RUSYA-TÜRKİYE İLİŞKİLERİNDE YENİ DÖNEM

 

 

 

 

 

 

 

 

 

 

 

 

 

 

 

 

 

 

 

 

 

 

 

PANEL

RUSYA-TÜRKİYE İLİŞKİLERİNDE

YENİ DÖNEM

 

KONUŞMACILAR

Doç. Dr. Vişne KORKMAZ (Yıldız Teknik Üniversitesi)

Doç. Dr. Emre ERŞEN (Marmara Üniversitesi)

MODERATÖR

Prof. Dr. Mehmet HACISALİHOĞLU (BALKAR Müdürü)

TARİH: 29 KASIM 2016 SALI

SAAT: 16.00-18.00

 

Türkiye-Rusya İlişkileri Paneli:

Vişne Korkmaz: Türk Dış Politikasında Eksen Kayması Yok!

Yıldız Teknik Üniversitesi Balkan ve Karadeniz Araştırmaları Merkezi (BALKAR) tarafından düzenlenen ve Bilge Kağan Topçu tarafından koordine edilen Rusya-Türkiye İlişkilerinde Yeni Dönem konulu panele Yıldız Teknik Üniversitesi Siyaset Bilimi ve Uluslararası İlişkiler Bölüm başkan yardımcısı Doç. Dr. Vişne Korkmaz ile Marmara Üniversitesi Siyaset Bilimi ve Uluslararası İlişkiler Bölümü öğretim üyesi Doç. Dr. Emre Erşen katıldılar. Moderatörlüğünü BALKAR Müdürü Prof. Dr.

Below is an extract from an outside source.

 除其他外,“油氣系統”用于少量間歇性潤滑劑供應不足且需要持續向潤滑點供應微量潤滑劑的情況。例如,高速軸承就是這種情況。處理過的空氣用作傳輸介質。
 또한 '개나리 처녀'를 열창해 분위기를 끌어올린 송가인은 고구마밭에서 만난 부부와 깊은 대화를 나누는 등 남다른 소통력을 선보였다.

Mehmet Hacısalihoğlu’nun yaptığı panelde ilk konuşmacı Vişne Korkmaz Türk-Rus ilişkilerini değerlendirirken bir soru üzerine Türk dış politikasında bir eksen kaymasının söz konusu olmadığını, günümüzde iki kutuplu bir uluslararası sistemin bulunmadığını, karmaşık bir eksenler sistemin oluştuğunu, Türkiye’nin farklı taraflarla pazarlığını sürdürmesinin doğru ve gerekli bir yaklaşım olduğunu söyledi.

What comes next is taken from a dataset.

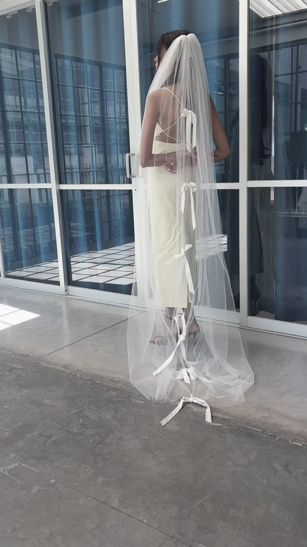 A soft English tulle veil, open in the middle, attached by delicate satin strings tied into beautiful bows.

Vişne Korkmaz, Rusya’nın “iddialı bir dış ve güvenlik politikası” takip ettiğini ve Türkiye-Rusya yakınlaşmasının da temel sebebinin iki ülke arasındaki “jeo-ekonomik ve jeo-stratejik mücadele” olduğunu belirtti. Korkmaz’a göre Rusya’nın iddialı dış politikası üç noktaya dayanmaktadır.

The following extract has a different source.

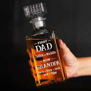 Raising Kids, Raising Glasses - Family Personalized Custom Glass Whiskey Bottle - Father's Day, Gift For Dad, Grandpa

Bunlar: 1. Rus askeri gücü: nükleer caydırıcılık, farklı bölgelerde askeri varlığını artırması, Karadeniz’de güvenlik dengesini Rusya’nın lehine bozulması, güvenlik bağlamında Rus-Türk karşılıklı bağımlılığı; 2. Enerji: enerjinin (doğalgaz vs.) bir “dış politika silahı” haline getirilmesi, bununla birlikte kriz döneminde bile enerjinin Türkiye’ye karşı bir silah olarak kullanılmamış olması, Türkiye’nin enerjide Rusya’ya bağımlılığı, Türk akımı projesi gibi projelerin gündeme getirilmesi; 3. NATO ve Rusya rekabeti: Türkiye’nin NATO üyesi olması nedeniyle Rusya ile Türkiye arasında “negatif bir karşılıklı bağımlılık” olduğunu belirten Korkmaz, Rusya’nın ABD ve Batı’nın hassas olduğu bölgelere (Polonya, Estonya, Bulgaristan vs.) müdahale etmediğini ve NATO’nun bu bölgelerde güç bulundurduğunu, bu denge siyaseti içinde Türkiye’nin de NATO üyesi olarak bir konumu olduğunun altını çizdi.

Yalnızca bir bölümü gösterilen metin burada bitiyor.